GIVEN DATA -

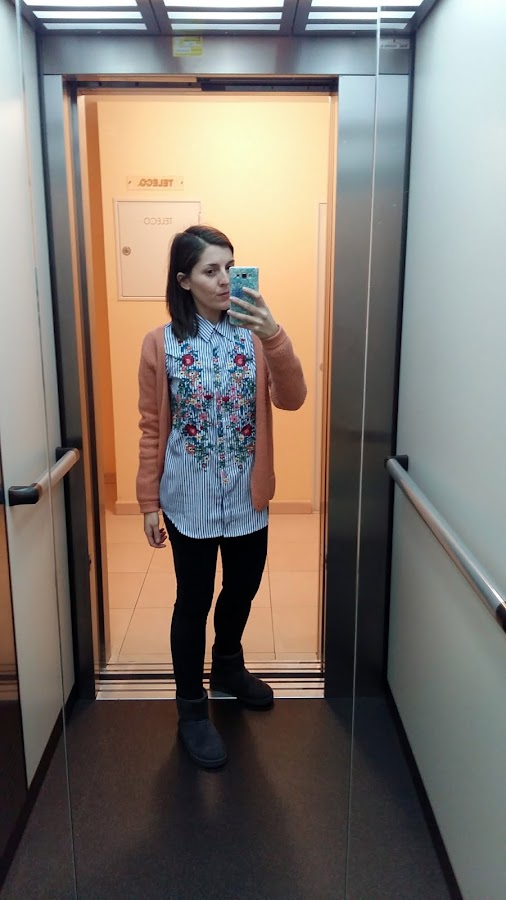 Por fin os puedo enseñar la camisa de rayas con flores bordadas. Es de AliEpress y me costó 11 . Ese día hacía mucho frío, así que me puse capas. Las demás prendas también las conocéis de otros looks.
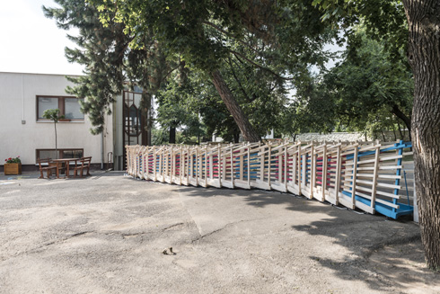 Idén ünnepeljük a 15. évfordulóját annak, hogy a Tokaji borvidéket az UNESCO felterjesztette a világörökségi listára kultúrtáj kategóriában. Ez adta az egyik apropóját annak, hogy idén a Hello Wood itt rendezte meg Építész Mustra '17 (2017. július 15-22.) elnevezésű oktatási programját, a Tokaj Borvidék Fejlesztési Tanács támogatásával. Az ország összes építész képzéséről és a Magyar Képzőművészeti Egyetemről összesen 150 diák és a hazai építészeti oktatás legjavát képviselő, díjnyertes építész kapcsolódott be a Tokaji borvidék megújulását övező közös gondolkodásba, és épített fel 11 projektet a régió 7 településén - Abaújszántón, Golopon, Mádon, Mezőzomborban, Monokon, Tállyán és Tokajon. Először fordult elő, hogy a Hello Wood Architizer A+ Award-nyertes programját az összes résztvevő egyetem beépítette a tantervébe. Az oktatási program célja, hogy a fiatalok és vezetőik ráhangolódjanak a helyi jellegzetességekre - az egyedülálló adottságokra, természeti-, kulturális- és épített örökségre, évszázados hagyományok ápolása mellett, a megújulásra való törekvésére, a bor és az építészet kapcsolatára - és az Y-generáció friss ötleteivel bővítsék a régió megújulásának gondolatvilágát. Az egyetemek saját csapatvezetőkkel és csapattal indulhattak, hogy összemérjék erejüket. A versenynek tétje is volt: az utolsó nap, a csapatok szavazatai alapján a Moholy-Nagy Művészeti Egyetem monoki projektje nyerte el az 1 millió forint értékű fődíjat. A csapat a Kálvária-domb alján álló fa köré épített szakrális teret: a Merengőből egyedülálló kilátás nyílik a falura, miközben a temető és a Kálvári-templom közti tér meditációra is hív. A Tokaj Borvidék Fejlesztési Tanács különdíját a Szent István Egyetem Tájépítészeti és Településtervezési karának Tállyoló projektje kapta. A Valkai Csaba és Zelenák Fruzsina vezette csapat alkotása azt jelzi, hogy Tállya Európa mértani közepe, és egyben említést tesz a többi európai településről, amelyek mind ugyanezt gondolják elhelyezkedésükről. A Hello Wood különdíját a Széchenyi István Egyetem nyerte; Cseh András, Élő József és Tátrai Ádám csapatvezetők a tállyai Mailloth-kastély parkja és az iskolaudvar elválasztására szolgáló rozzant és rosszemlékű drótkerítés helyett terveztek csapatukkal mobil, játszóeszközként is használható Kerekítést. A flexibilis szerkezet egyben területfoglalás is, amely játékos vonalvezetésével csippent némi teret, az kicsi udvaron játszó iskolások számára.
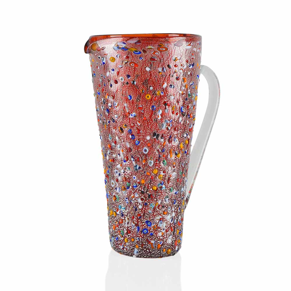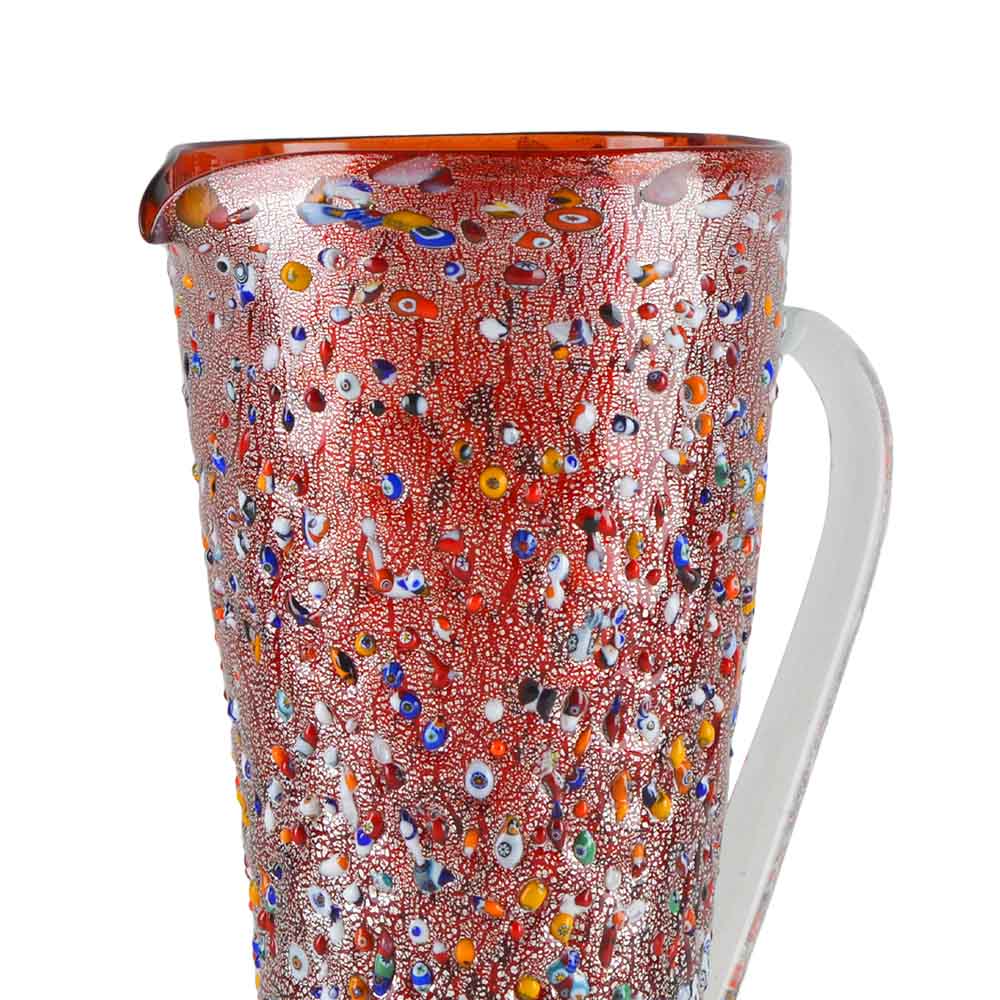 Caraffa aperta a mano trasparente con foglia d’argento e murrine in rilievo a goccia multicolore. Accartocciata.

WORK REQUIRED - Drop the images; restate the listing exactly.

RESULT OF THIS TASK -
 Por fin os puedo enseñar la camisa de rayas con flores bordadas. Es de AliEpress y me costó 11 . Ese día hacía mucho frío, así que me puse capas. Las demás prendas también las conocéis de otros looks.
 Idén ünnepeljük a 15. évfordulóját annak, hogy a Tokaji borvidéket az UNESCO felterjesztette a világörökségi listára kultúrtáj kategóriában. Ez adta az egyik apropóját annak, hogy idén a Hello Wood itt rendezte meg Építész Mustra '17 (2017. július 15-22.) elnevezésű oktatási programját, a Tokaj Borvidék Fejlesztési Tanács támogatásával. Az ország összes építész képzéséről és a Magyar Képzőművészeti Egyetemről összesen 150 diák és a hazai építészeti oktatás legjavát képviselő, díjnyertes építész kapcsolódott be a Tokaji borvidék megújulását övező közös gondolkodásba, és épített fel 11 projektet a régió 7 településén - Abaújszántón, Golopon, Mádon, Mezőzomborban, Monokon, Tállyán és Tokajon. Először fordult elő, hogy a Hello Wood Architizer A+ Award-nyertes programját az összes résztvevő egyetem beépítette a tantervébe. Az oktatási program célja, hogy a fiatalok és vezetőik ráhangolódjanak a helyi jellegzetességekre - az egyedülálló adottságokra, természeti-, kulturális- és épített örökségre, évszázados hagyományok ápolása mellett, a megújulásra való törekvésére, a bor és az építészet kapcsolatára - és az Y-generáció friss ötleteivel bővítsék a régió megújulásának gondolatvilágát. Az egyetemek saját csapatvezetőkkel és csapattal indulhattak, hogy összemérjék erejüket. A versenynek tétje is volt: az utolsó nap, a csapatok szavazatai alapján a Moholy-Nagy Művészeti Egyetem monoki projektje nyerte el az 1 millió forint értékű fődíjat. A csapat a Kálvária-domb alján álló fa köré épített szakrális teret: a Merengőből egyedülálló kilátás nyílik a falura, miközben a temető és a Kálvári-templom közti tér meditációra is hív. A Tokaj Borvidék Fejlesztési Tanács különdíját a Szent István Egyetem Tájépítészeti és Településtervezési karának Tállyoló projektje kapta. A Valkai Csaba és Zelenák Fruzsina vezette csapat alkotása azt jelzi, hogy Tállya Európa mértani közepe, és egyben említést tesz a többi európai településről, amelyek mind ugyanezt gondolják elhelyezkedésükről. A Hello Wood különdíját a Széchenyi István Egyetem nyerte; Cseh András, Élő József és Tátrai Ádám csapatvezetők a tállyai Mailloth-kastély parkja és az iskolaudvar elválasztására szolgáló rozzant és rosszemlékű drótkerítés helyett terveztek csapatukkal mobil, játszóeszközként is használható Kerekítést. A flexibilis szerkezet egyben területfoglalás is, amely játékos vonalvezetésével csippent némi teret, az kicsi udvaron játszó iskolások számára.
 Caraffa aperta a mano trasparente con foglia d’argento e murrine in rilievo a goccia multicolore. Accartocciata.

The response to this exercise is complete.